The move to stop the cost-sharing reduction subsidies has led to higher tax credits for low-income customers, which in turn has led to an increase in the number of cheap Obamacare plans available for no premium but high deductibles.
The eligibility for a zero-cost plan varies depending on where an enrollee lives and how much he or she makes. For instance, 2,436 counties in the U.S. offer free bronze plans — the cheapest of Obamacare’s four metal tiers — to a 40-year-old making $20,000 a year, according to an analysis from the health research organization Kaiser Family Foundation.
A separate analysis from Kaiser found that 4.5 million uninsured people are eligible for plans with zero-dollar premiums.
“There were certainly cases previously where zero premium bronze plans were available to people receiving tax credits, but the availability has increased dramatically for 2018,” said Larry Levitt, senior vice president for Kaiser.
The website Health Sherpa, which helps people find Obamacare plans, found that in the first two weeks of open enrollment, 18 percent of all enrollees found a plan with no premiums and 51 percent found plans for $50 or less a month. Nearly 2.3 million people signed up for Obamacare in the first 18 days of open enrollment, the Trump administration said Wednesday.
Levitt attributed the boon of zero-cost plans to President Trump’s decision to halt cost-sharing reduction payments last month. The payments reimburse insurers for a requirement to lower co-pays and deductibles for low-income Obamacare customers.
Trump’s decision to halt the payments on Oct. 18 led to insurers raising premiums on the individual market, both on and off the Obamacare exchanges, to compensate for the loss of the payments.
However, many states directed Obamacare insurers to put all of the costs for the cost-sharing payments onto silver plans, a term called “silver loading.” That boosted the tax credits provided to low-income Obamacare customers.

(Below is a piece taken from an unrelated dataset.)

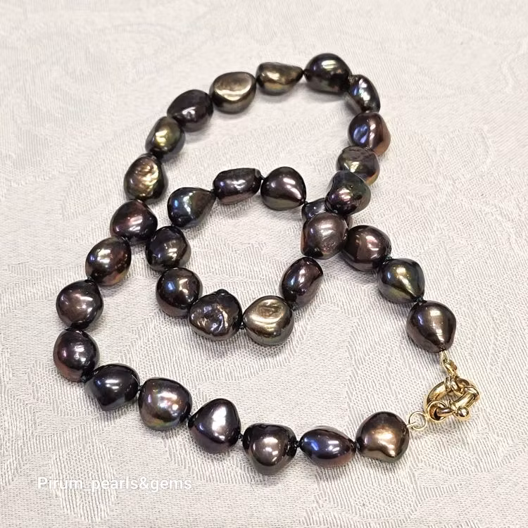 Halsband med vackra bruna och gröna sötvattenpärlor ca 10-12 mm.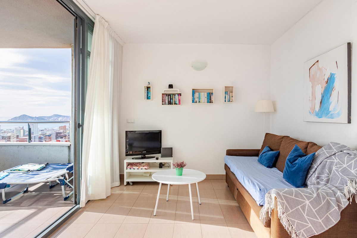 Apartamento totalmente reformado para unas vacaciones inolvidables entre el mar Mediterráneo y las privilegiadas vistas de esta acogedora planta 19. Encontrarás en él todo lo necesario para que tus vacaciones sean perfectas, disfrutando de la tranquilidad, silencio y vistas de este espacio situado a 2 min. de Avenida de Europa, 3 min. de Playa de Levante y 8 min. del Centro de Benidorm. Te esperamos

The size of the tax credits is pegged to the second-cheapest silver plan, so as the cost of silver plans rises, so do the tax credits. The Department of Health and Human Services estimated that the average second-cheapest silver plan premium would rise 37 percent for 2018.
People can use the higher tax credit to buy a cheaper bronze plan or a gold or platinum plan that offers more benefits.
Obamacare advocates are touting the zero-cost plans to boost signups on open enrollment, which ends Dec. 15.
“We think there is a gap in knowledge among consumers and the affordability of health insurance,” said Josh Peck, co-founder of the enrollment group Get America Covered. Peck was the chief marketing officer for the federally run exchanges on healthcare.gov, which is used by residents in 39 states and the District of Columbia to buy Obamacare, under the Obama administration.
Peck said the Trump administration hasn’t highlighted the affordable options in e-mails touting the law this year. He said his group is trying to use information from foundations such as Kaiser on the affordability options and try to put that information “out front and center so people can go look for themselves.”
Other groups such as the liberal Organizing for Action highlighted zero-cost plans. “Health insurance for $0 per month? That’s right — coverage may be cheaper than you think,” the group tweeted earlier this week.
But the zero-cost plans don’t mean healthcare is completely free. The tax credits help pay down premiums for a healthcare plan, not the deductibles.
A 2017 bronze plan had an average deductible of $6,092 for an individual and $12,393 for a family, according to data from the site healthpocket.com that provides information on health plans.
The tax credits, also, can be used only by people who earn only a certain amount of income, leaving people who earn too much forced to pay higher premiums. In 2017, 84 percent of enrollees on healthcare.gov received a subsidy, according to an HHS report.